Seule. C'est l'hiver. Trois mois qu'il m'a quitté. Je ne me ronge plus la peau autour des ongles, mais je me suis mise à fumer.
Je remonte la rue des Francs-Bourgeois, laissant mon appartement loin derrière. Tapissé d'un duvet blanc, le Marais s'est transformé en station de sport d'hiver et, à cette heure tardive, seuls mes pas marquent le relief de la rue du Bourg-Tibourg. Je tourne à droite sur la rue de Rivoli qui, à un instant, m'a paru suspendue dans le temps. Mais, rapidement, les Parisiens et leurs voitures reprennent possession de cette artère.

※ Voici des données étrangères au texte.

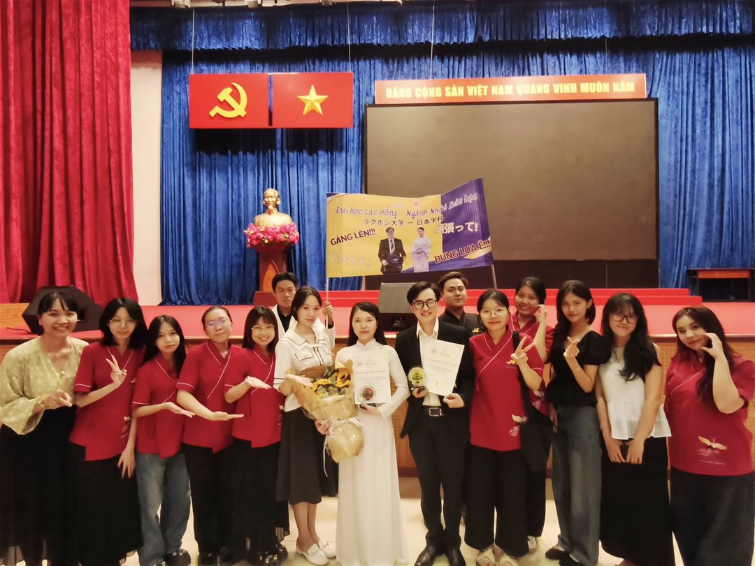 Hai đại diện ưu tú của ngành Nhật Bản học, Trường Đại học Lạc Hồng, là sinh viên PHAN THỊ NGỌC ÁNH và TRẦN QUỲNH TRANG đã vượt qua nhiều đối thủ mạnh và đạt được ngôi vị QUÁN QUÂN ở hạng mục Japanese Plus đầy thử thách! Thành tích này không chỉ khẳng định chất lượng đào tạo chuyên môn của Đại học Lạc Hồng mà còn minh chứng cho tài năng, sự sáng tạo và niềm đam mê mãnh liệt với tiếng Nhật và văn hóa Nhật Bản của thế hệ trẻ Việt Nam.

Remonter le Louvre, éclairé par les agents de nettoyage. Longer le jardin des Tuileries, ombre où se heurtent quelques sans domicile fixe pour la conquête du coin le plus chaud – celui près de l'aération du métro ligne une. Puis voilà la Concorde et mon édifice tant désiré. Il n'y a plus personne devant ma grande roue.
Elle est à l'arrêt, les cabines bâchées, les barrières montées pour éviter qu'on s'en approche. Devant, un écriteau indique la fermeture imminente de l'installation et son déplacement jusqu'à la pelouse de Reuilly. D'un geste lent mais précis, j'enlève la neige qui s'est accumulée sur les premières marches de la file d'attente et m'assieds.
Demain, je serai la première à monter.

5.
Six heure du matin. Le réveil a pour avantage d'être ponctuel et sans âme. Quelle que soit la teneur de ma fatigue, il est inlassablement efficace et bruyant. Dans les toilettes, je me prépare à aller travailler, observant fièrement, au travers du velux, mon outil de travail pour encore quelques jours.

Elle prendra la grande roue de la Concorde avec moi.